From a comparison of example 1 with comparative example 5, it can be seen that the reaction is carried out in one portion and without removing solid salts and part of the brine, the distribution of the product is less than ideal and the diether content is only 79.6%.

In conclusion, the invention designs the reaction of the trimethylolpropane and the halogenated olefin into two steps, which can promote mass transfer and heat transfer, is beneficial to narrowing the product distribution, and improves the relative content of the trimethylolpropane di (methyl) allyl ether to more than 93 percent. Trimethylolpropane is easily soluble in water and insoluble in halogenated olefin, the etherified product is easily soluble in halogenated olefin and slightly soluble in saturated sodium chloride aqueous solution, and the catalyst is easily soluble in halogenated olefin and the etherified product and slightly soluble in saturated sodium chloride aqueous solution. Therefore, in the third step, after the reaction is finished and the lower layer of water phase and inorganic salt solid are removed, the content of the catalyst in the organic phase is almost unchanged, and the operation can remove water out of the system on one hand, so that the alkali concentration of the system in the next step of reaction is not influenced, the alkali liquor is prevented from being diluted, the reaction is facilitated, and on the other hand, the mass and heat transfer effects are obviously improved after the inorganic salt is removed.

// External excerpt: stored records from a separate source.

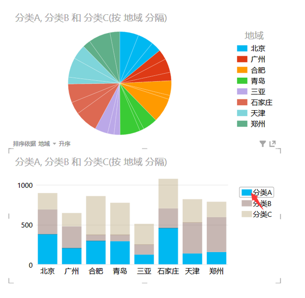 默認配色就很不錯,而且演示的時候點擊時會直接按你點擊的類型幫你顯示對應的數據(例如上面的堆積柱狀圖)
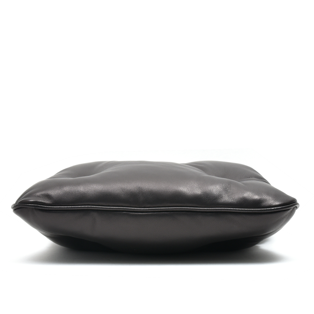 サイズ感としては所謂ミニショルダー的なものになっていますが、しなやか且つ鈍い光沢感を持つナッパレザーを採用することによって高級感を極限にまで高めている印象。公式にはフラップポケットバッグという名前になっていまして、実際に背負ってみると確かにアウターの1ポケットのような感覚があります。
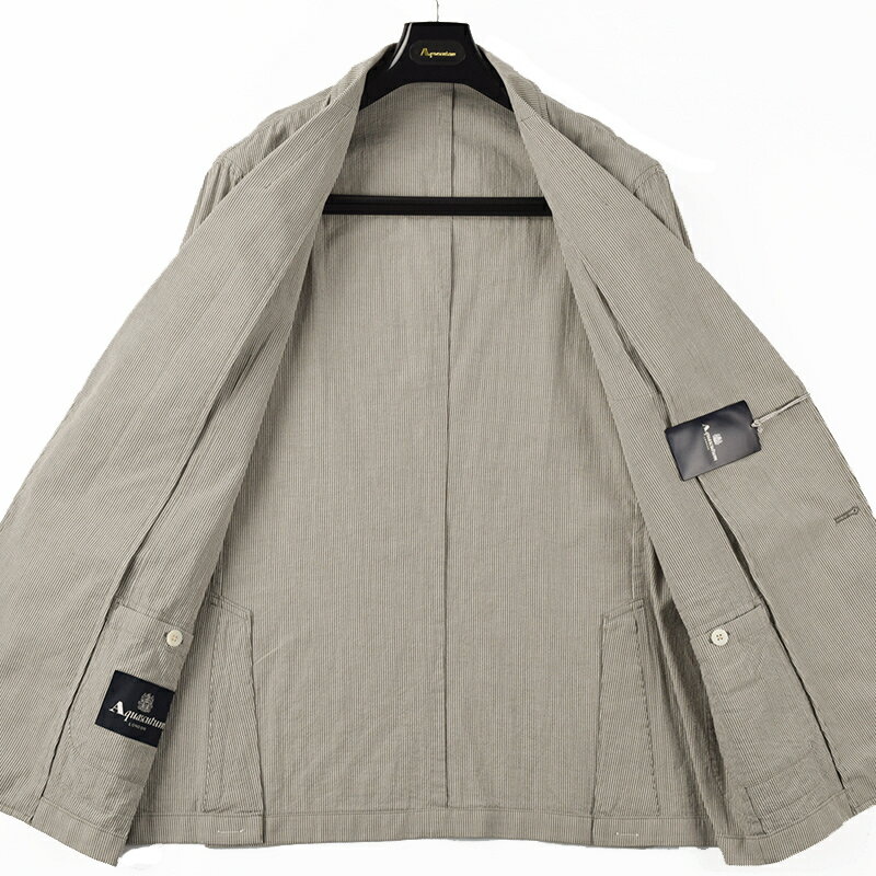 ◆Aquascutum アクアスキュータム◆70%OFF 春夏モデル 定価 93,500円 日本製 綿麻 ストライプジャケット ベージュ(大きいサイズ・キングサイズ・ビッグサイズ) メンズジャケット ビジネス カジュアル おしゃれ
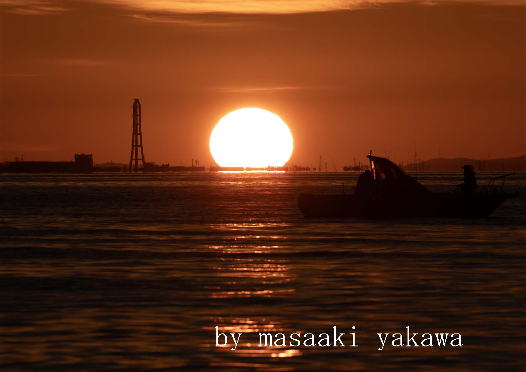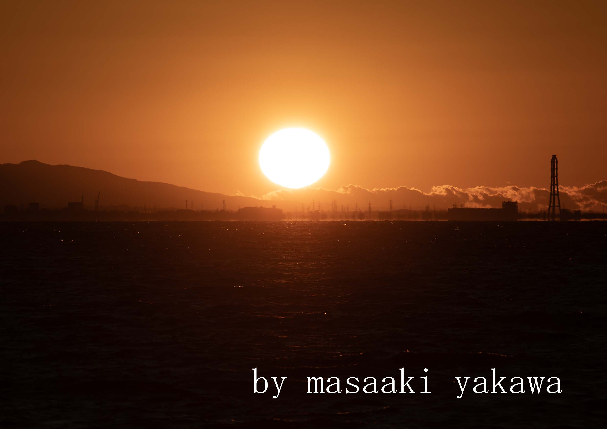| 夕日 魚津市北鬼江海岸より西49Km氷見市稲葉山付近 氷見市 新湊大橋(西 26Km)と氷見市堀江千石富山新港発電所の中間に夕日が沈む 令和7年10月24日(金) 午後4時58分 撮影:宮川政昭 |

The reaction is carried out in two steps, wherein a product mainly comprising trimethylolpropane mono (methyl) allyl ether is firstly generated, and then the target product is generated through reaction, so that the problems that the reaction degree cannot be controlled and the three ether is higher and the two ether is lower can be avoided, and in the fifth reaction step, the neutralization by phosphoric acid has the beneficial effect that the allyl isomerization to the allyl can be inhibited, because the distillation temperature is up to 120-150 ℃, and the residual alkali at high temperature can promote the allyl isomerization to generate an isomer, thereby influencing the product purity and reducing the product quality.

The above-mentioned embodiments only express several embodiments of the present invention, and the description thereof is more specific and detailed, but not construed as limiting the scope of the present invention. It should be noted that, for a person skilled in the art, several variations and modifications can be made without departing from the inventive concept, which falls within the scope of the present invention. Therefore, the protection scope of the present patent shall be subject to the appended claims.